Monacan’s Megan Walker ends high school career as nation’s top player
Fred Jeter | 3/17/2017, 8:35 p.m.
In her final Monacan High School game, Megan Walker showed she was human — but more importantly that she was great.
Now an exclamation point can be placed at the end of the final line of the final chapter of the story of one of the greatest basketball players in Richmond area history.
“Megan is a great, great player and she proved it tonight,” Monacan Coach Larry Starr said after the Chiefs’ nail-biting 60-59 win over King’s Fork High School of Suffolk in the State 4A women’s basketball finals last Friday at the Siegel Center. “Megan put us on her shoulders.”
Wearing her signature orange fingernail polish and white headband, the 6-foot-1 Walker tallied 35 points, 11 rebounds, six blocked shots and five steals, all with her ponytail flapping.
In a pressure cooker setting, she scored Monacan’s final 14 points, including the game winner — a short flip through a windmill of arms with 14 seconds left.
“Teams try to deny Megan, but she’s hard to deny,” said Coach Starr. “No. 32 (Walker) refused to lose.”
Still, the tense crowd of some 5,000 fans saw the human side of the 17-year-old who is headed to college at NCAA juggernaut University of Connecticut.
Uncharacteristically, she was 0 for 3 from behind the arc and just 15 for 24 at the foul line, drawing groans from a partisan crowd. She had three turnovers.
Still, her greatness outshined the flaws by far.
Asked afterward if she could have scripted the events more perfectly, she replied: “You always like to think you can do better, but I’ve had a crazy tremendous career at Monacan.”
Walker has the ranking and honors to show for it. Her laundry list of honors starts with being the nation’s No. 1 ranked player by ESPN. She is a three-time State 4A Player of the Year, as well as a three-time 4A East Region and Conference 20 Player of the Year.
Here are some of the Monacan team’s numbers:
• The Chiefs’ Friday, March 10, win over King’s Fork High gives Monacan High three consecutive state titles.
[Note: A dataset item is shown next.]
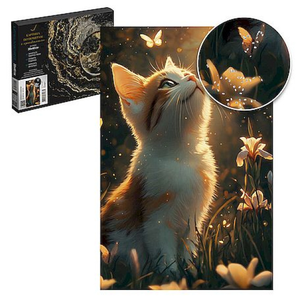 Набор для творчества Картина по номерам с кристаллами арт. 71289 / 24 КОТЕНОК И БАБОЧКИ, размер: 30х40 см, (20 цвета (-ов), холст на деревянном подрамнике с напечатанной схемой рисунка, краски акриловые на водной основе (упакованы в вакуумную упаковку), кристаллы, клей для кристаллов, кисти художественные с ворсом из нейлона – 4 шт., лак, пакет на zip-молнии, подвесы для подрамника, контрольный лист с нанесенной схемой в комплекте, картонная коробка с ручкой)
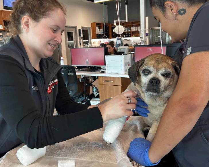 Un Puggle se faisant bander la patte

• The Chiefs finished 30-0 this season and 59-1 during the past two seasons combined. The team’s record was 104-7 during Walker’s four seasons.
• Striking inside, outside and all areas in between, Walker accumulated 2,162 points — 708 points this season alone — despite sitting out many minutes of her team’s lopsided victories.
• As an eighth-grader, she led Manchester Middle School to an undefeated season and the Chesterfield County title in 2013, setting the stage for her success at Monacan.
Walker exits as one of the premier players in area annals and almost certainly the most heavily sought.
In assessing “all-time greatness,” Walker’s only competition might come from Jessie Hicks, the 6-foot-4 Thomas Jefferson High School center who twice earned All-ACC honors at the University of Maryland in the early 1990s.
Hicks was the 12th overall pick in the 1997 WNBA draft four years after she finished at Maryland.
Also mentioned among top players is Chantel Adkins of the Henrico High School Class of 1991, who scored 2,320 points and later starred at Temple University.
Midway during her freshman year at Monacan, Walker drew serious attention from the nation’s elite college programs, including the Connecticut Huskies.
It wasn’t uncommon to see Huskies Coach Geno Auriemma, among others, on a star search in Chesterfield County.
Walker will be going from one of the most successful high schools program in Virginia to unquestionably the best college program. UConn has won 10 NCAA titles since 2000, including the last four. The Huskies are now on an unfathomable 100-plus game winning streak.
Now get this: There is an opening for an incoming freshman in the UConn lineup. The Huskies’ seniors include Saniya Chong, a wing guard (Walker’s likely college position) averaging more than 30 minutes per game.
Those having witnessed Walker at Monacan are convinced her greatness will continue in college, with the only difference being she’ll change her nail color from Monacan orange to UConn navy blue.